As a complement, a paired analysis between the LNAT- and LT-derived samples in some CNV-free patients also revealed an mRNA overexpression of MEOX2, HDAC9, and TWIST1, suggesting a lack of genetic (CNV) and epigenetic (DNA methylation) correlation (Figure S6A-C), and a lack of genetic-epigenetic correlation in CNV-high patients (Figure S7A–C); with exception for the AhR gene between LNAT- and LT-samples (Figure S3A, S3C), and between CNV-free and CNV-high patients (S6D, and S7D). In summary, our data suggest that DNA methylation is not the main responsible for the observed expression patterns at the 7p21 cytogenetic region in lung carcinomas, such as NSCLC.

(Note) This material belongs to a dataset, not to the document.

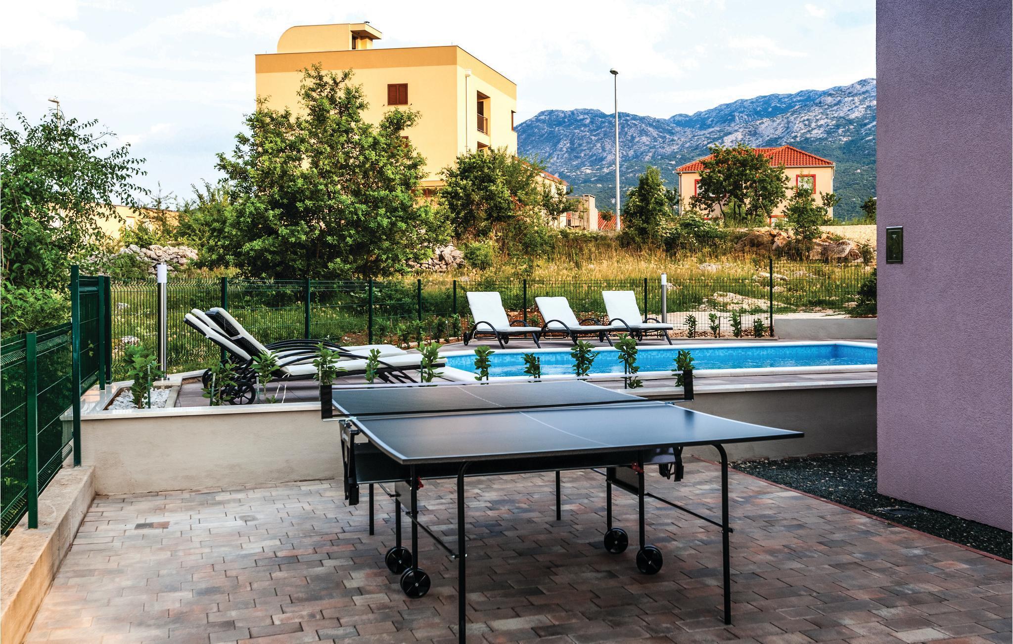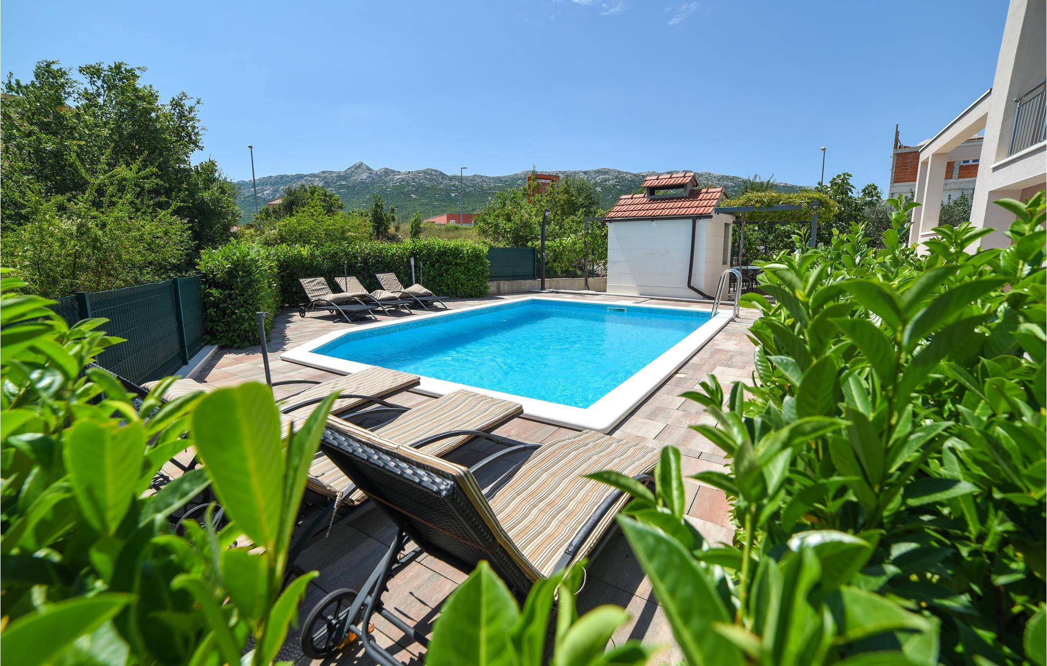 Hold ferie i dette rummelige og smukt indrettede feriehus. Til huset hører en stor terrasse og det ligger på en dejlig grund. Det er velegnet for både flere par eller for en familie med børn. Foran huset ligger poolen, der indbyder til svømmeture og vandsjov. Der er udendørs trappe til aktivitetsrumme. Vi kan anbefale jer at besøge konobaerne, små familiedrevne spisesteder, hvor der serveres regionale specialiteter. Besøg også den historiske by Split, hvor der er mange underholdningstilbud til alle generationer.

Decreases of the Histone Code of H3K27me3 and Increases in H3K4me3 are Associated with MEOX2 and TWIST1 Overexpression and Correlated with Poor Clinical Prognosis in NSCLC

Therefore, we asked whether other epigenetic modifications might participate in the regulation of the affected genes, focusing at the 7p21 cytogenetic region in NSCLC.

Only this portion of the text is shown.